“我听说你是警察?”他问。
“对。”
“我没见过你,我们这小地方,几乎每个人都互相认识,你什么时候来的?”
我只好又解释一遍:“我不是县城的警察,你没见过我也正常,我从市区过来调查一下六年前的案子,这个案子还有些疑点没搞清楚。”
“你们找到小孩了吗?”
“什么小孩?”我很困惑。
“你不知道小孩的事?我还以为警察什么都知道呢。”
“我不太清楚之前的人是怎么调查的,这个案子我接手才几天。”我含糊地说。
“可怜的小羽。”老人叹了口气,掏出烟斗颤颤巍巍地把烟丝塞进去,“警官,你有小孩吗?”
“我没有。”
“我有四个,都成家立业了,在城里不怎么回来。”他吧嗒吧嗒地抽着烟斗,脸上深刻的皱纹仿佛在述说自己的孤单,“孩子长大就都留不住咯,以前说养儿防老,防个屁,农村连地都没得种了,也只留得住我这种老头。”
“你老伴呢?”
“几年前就走啦。”
“你刚才提到了一个小孩,什么小孩?”我强行把话题拉回来,“郑梦琪的小孩?”
“嗯?那怎么可能,是郑羽琪的。郑梦琪……她怪得要死,我不是说她不配有小孩,但她很难和人交流,没有交流怎么可能有孩子呢?”
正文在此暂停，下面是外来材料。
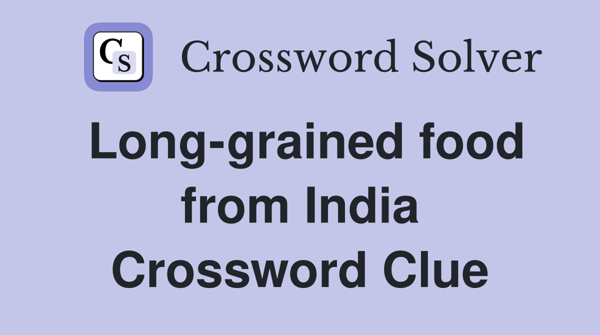 Long grained food from India Crossword Clue Answers Crossword Solver

“郑羽琪的孩子去哪儿了?你刚刚问我找到没有,是什么意思?”
“哼,沈丽是真的狠心,而且对自己的女儿一点都不上心。当年郑羽琪上高中的时候就怀孕了,她居然不知道,你说说,有这样当妈的?她以为自己的女儿是青春期长胖了,当然,她有一个胖姐姐,也难怪沈丽会往她只是长胖这方面去想。呵呵,结果有天小羽肚子疼,去医院才知道是要生了,离谱,然后呢沈丽说什么都不让小羽吧孩子留下来,而且很快就让小羽回到学校去上课了。”
“有这种事?”
“那可不?孩子的爸爸也是王八操的,从来没露过面,一点担当也没有。”
“小羽没说过那个人是谁?”
“没有,她守口如瓶,谁都没告诉。年轻人为了爱情什么都能放弃,是吧,和我们这代人的观念不一样了。”
“孩子呢?”
“我也不知道,听说是抱给别人家养了,具体是哪家我就不清楚,肯定不会是我们这个村里,毕竟地方不大,一下就能被人知道了。”
“郑羽琪读的哪所学校?”我问。
“你连这都不知道,你是不是警察?”
“我刚刚说了嘛,我才接手两天。”
“就在D县的县立高中,郑梦琪也是在那读的。说起来,郑梦琪作为姐姐说不定知道些什么,不过她也什么都没说。”
“会不会是同学?”
“我不知道,这事儿我肯定不能乱说。”老头很谨慎。
“郑羽琪居然也没有想过要堕胎?按理说那时候的小孩也知道些常识了。”
“这我就不清楚了,她都死掉了,也没法跟咱说真实的想法,要我说啊,就还是爱情的力量,鬼晓得现在的年轻人为了爱情能付出什么。”
“你怎么知道这么清楚?”
“我老伴儿察觉到的呗。她精明得很,觉得小羽那孩子绝对是怀上了,再看沈丽的精神状态就能猜个八九不离十,但她也没到处乱说,她只是觉得小羽可怜。”
“聊聊郑梦琪吧,她干出这样的事你们是怎么看的?”
“我跟郑梦琪不熟,我刚刚讲过的,她不喜欢和人打交道。不过她经常在村子里闲逛,一个人发呆。”
“因为大家都觉得她很胖又难看?”
“我经常看到她被人嘲笑,这肯定是她性格不太好的原因之一。不过其实我们的朋友里也有胖妹,有时候她们反而挺能混得开的,你懂吧?所以我觉得她自己天生的性格更重要。有的人就是天生内向,很难交朋友。”
“郑羽琪呢?朋友多吗?”
“多着呢,她又漂亮性格又好。”说起郑羽琪,老头精神都要好一些,“大家都喜欢跟她玩。”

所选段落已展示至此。